The mounting seat 10 in the embodiment of the invention is provided with a mounting groove 30, the rudder shaft 40 is movably arranged in the mounting groove 30, the bearing 20 is arranged between the mounting groove 30 and the rudder shaft 40 so that the rudder shaft 40 can rotate relative to the mounting seat 10, the blocking ring 50 is arranged between the mounting groove 30 and the rudder shaft 40, the inner circumferential surface of the blocking ring 50 is connected with the rudder shaft 40, the bottom of the blocking ring 50 is provided with a first annular bulge 51, the bottom of the first annular bulge 51 is connected with the top of the inner ring of the bearing 20, a gap is reserved between the outer circumferential surface of the blocking ring 50 and the inner circumferential surface of the mounting groove 30, the ring cover 60 is detachably connected with the mounting seat 10, the inner circumferential surface of the ring cover 60 is in clearance fit with the rudder shaft 40, and a gap is reserved between the bottom of the ring cover 60 and the top of the blocking ring 50.

Further, in connection with fig. 1, the air flow passage 70 is formed by communicating the gap between the inner peripheral surface of the ring cover 60 and the rudder shaft 40, the gap between the bottom of the ring cover 60 and the 1 part of the barrier ring 50, the gap between the outer peripheral surface of the barrier ring 50 and the inner peripheral surface of the mounting groove 30, and the gap between the bottom of the barrier ring 50 and the top of the bearing 20.
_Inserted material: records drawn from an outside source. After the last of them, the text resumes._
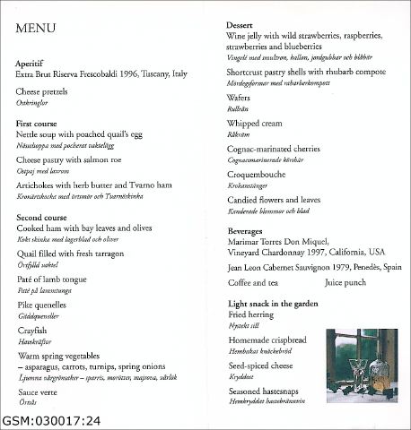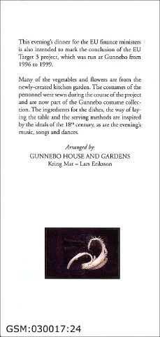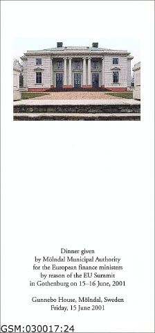 menu från middagen 15 juni 2001 på Gunnebo Slott
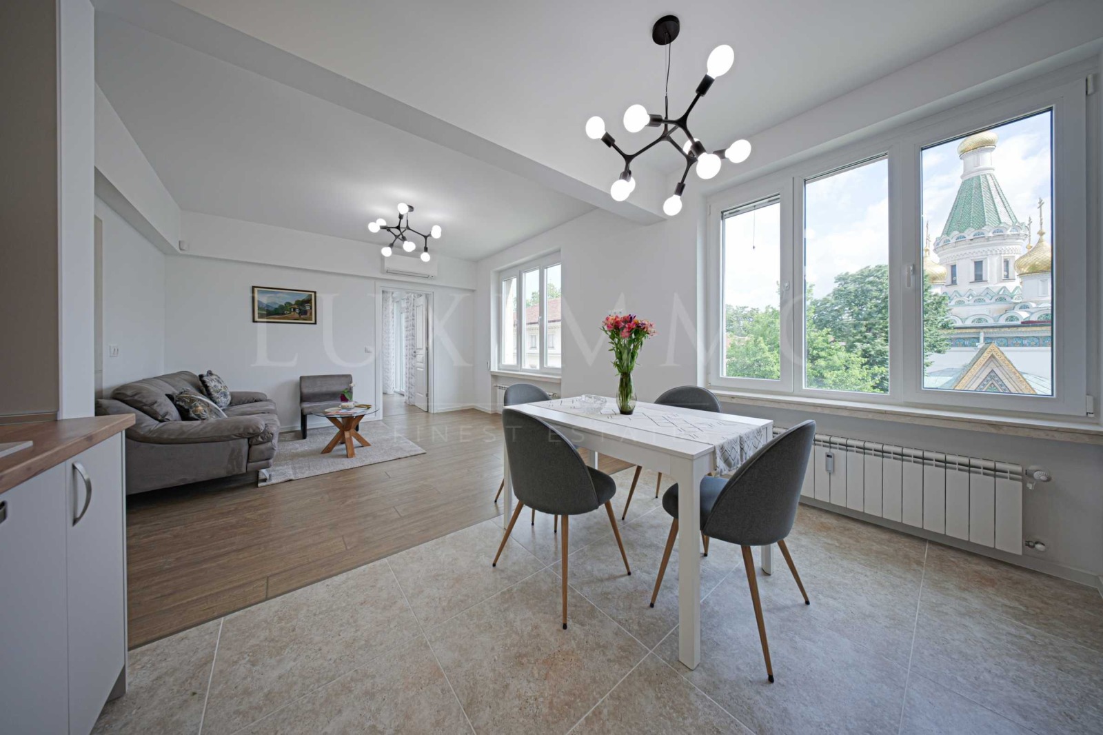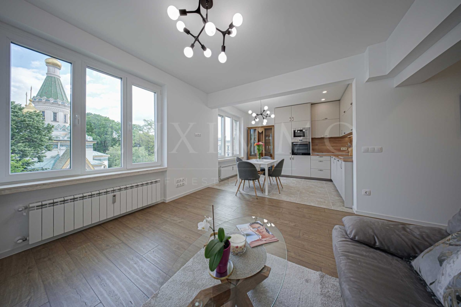 Луксозен, основно ремонтиран апартамент с панорамна гледка към Руската църква. Имотът е ситуиран в една от най-красивите части на централна София. На метри се намират емблематични за столицата сради и места като Национална художествена галерия, Зала България, Народен театър Иван Вазов , градска градина Кристал и др. Достъпът до важни точки се извършва бързо и удобно посредством бул. Цар Освободител , ул. Аксаков , ул. Г. С. Раковски .
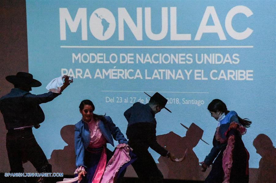 SANTIAGO, julio 23, 2018 (Xinhua) -- Personas con trajes típicos bailan "La Cueca" durante la inauguración del 2 Modelo de Naciones Unidas para América Latina y el Caribe (MONULAC), en la Universidad de Santiago, en Santiago, capital de Chile, el 23 de julio de 2018. De acuerdo con información de la prensa local, la ex presidenta chilena inauguró el 2 MONULAC con la conferencia magistral "Avances y desafíos en materia de igualdad y equidad de género en Latinoamérica y el Caribe", donde habló de su experiencia como Directora Ejecutiva de la Organización de las Naciones Unidas (ONU) Mujeres entre 2010 y 2013. El MONULAC es un ejercicio donde estudiantes universitarios provenientes de diversos países de Latinoamérica simulan el trabajo que realizan los delegados de la ONU. (Xinhua/Jorge Villegas)

Specifically, with reference to fig. 1, since the air flow passage 70 is formed by communicating the gap between the inner circumferential surface of the ring cover 60 and the rudder shaft 40, the gap between the bottom of the ring cover 60 and the top of the barrier ring 50, the gap between the outer circumferential surface of the barrier ring 50 and the inner circumferential surface of the mounting groove 30, and the gap between the bottom of the barrier ring 50 and the unconnected portion of the top of the bearing 20, the distance of the hot air flow reaching the bearing 20 is prolonged, and when the hot air flow enters the air flow passage 70, the size and temperature of the air flow are attenuated in the air flow passage 70, so that the temperature of the hot air flow does not affect the bearing 20 when the hot air flow reaches the bearing 20.
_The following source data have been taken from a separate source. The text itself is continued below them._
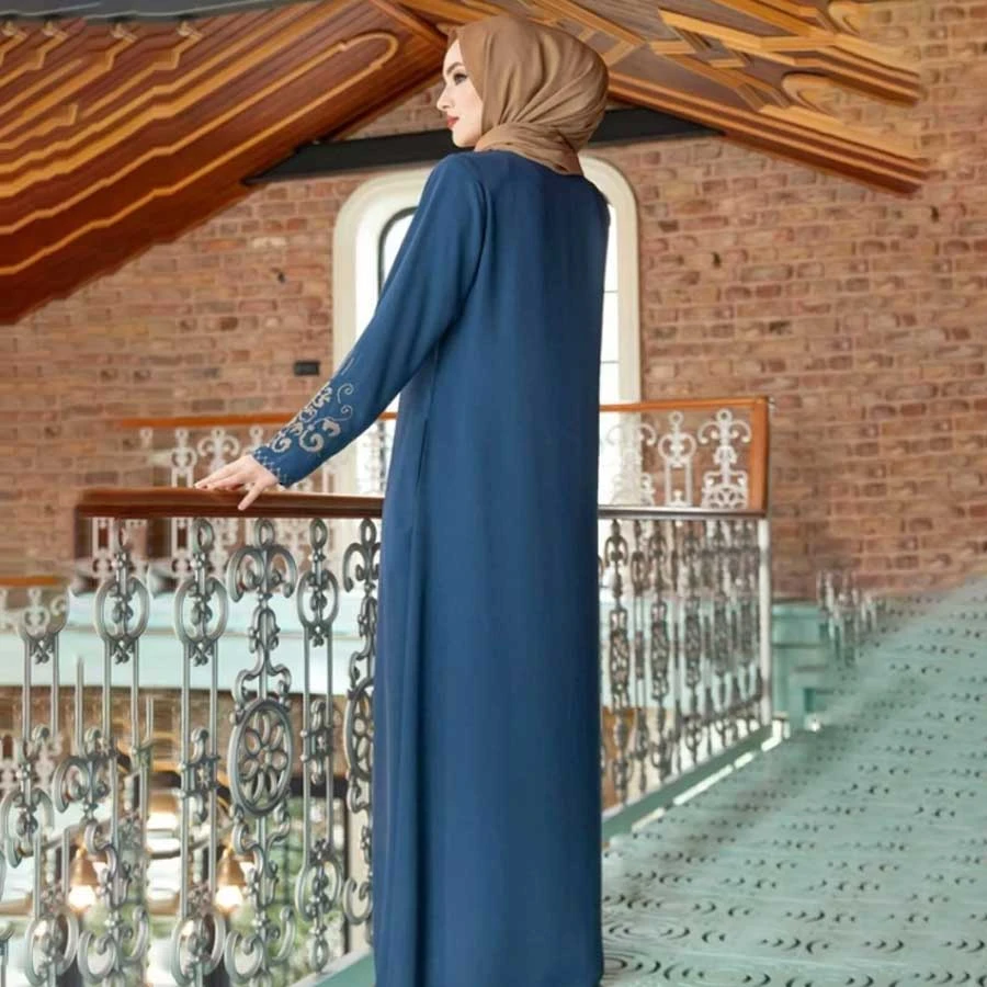 An elegant Turkish ferace crafted from soft crepe fabric, designed with intricate embroidery and a smooth front zipper for comfort and sophistication
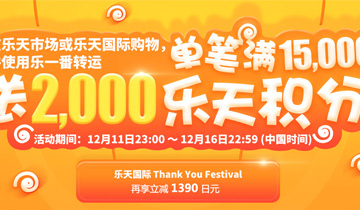 12月11日23:00 〜 12月16日22:59 乐天购物单笔满15000送2000积分,一个用户5次 (1月31日)
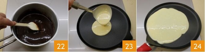 Ligue o fogo baixo e misture até que o chocolate esteja derretido 22; para mais informações sobre o procedimento, você pode consultar a receita da creme ganache. Deixe o molho de lado, enquanto começa a preparar as crepes: retire a massa da geladeira e misture. Aqueça uma frigideira para crepes ou uma frigideira antiaderente de 30 cm de diâmetro (você pode untá-la levemente com manteiga ou com pouco óleo). Despeje uma concha de massa 23 e espalhe por toda a superfície girando a frigideira 24

Further, with reference to fig. 1, the mounting groove 30 is a stepped groove, the mounting groove 30 includes a first mounting sub-groove 31 and a second mounting sub-groove 32 which are disposed from top to bottom, the diameter of the first mounting sub-groove 31 is larger than that of the second mounting sub-groove 32, and the bearing 20 is disposed in the second mounting sub-groove 32 to fix the outer ring of the bearing 20 and limit the axial direction of the bearing 20.

Referring to fig. 1, the ring cover 60 is disposed in the first mounting sub-groove 31 to fix the ring cover 60 to the mount 10.

In the embodiment of the present invention, the ring cover 60 may be fixed to the mounting base 10 by the screw 90, that is, the countersunk hole is formed in the ring cover 60 and the threaded hole is correspondingly formed in the mounting base 10, and of course, the ring cover 60 may be fixed to the mounting base 10 by the screw connection, that is, the screw is provided on the outer circumferential surface of the ring cover 60 and the screw is correspondingly provided on the inner circumferential surface of the first mounting sub-groove 31, which is not limited in the embodiment of the present invention.

In addition, sealing putty is arranged between the mounting seat 10 and the ring cover 60, and the sealing putty can adopt high-temperature resistant D03 putty to isolate external high temperature.

Further, referring to fig. 1, a dome 41 is disposed at the top of the rudder shaft 40, and a gap is formed between the bottom of the dome 41 and the top of the mounting seat 10, and the gap is in communication with the airflow channel 70, that is, the airflow needs to pass through the gap before entering the airflow channel 70, so as to play a role in attenuating the airflow.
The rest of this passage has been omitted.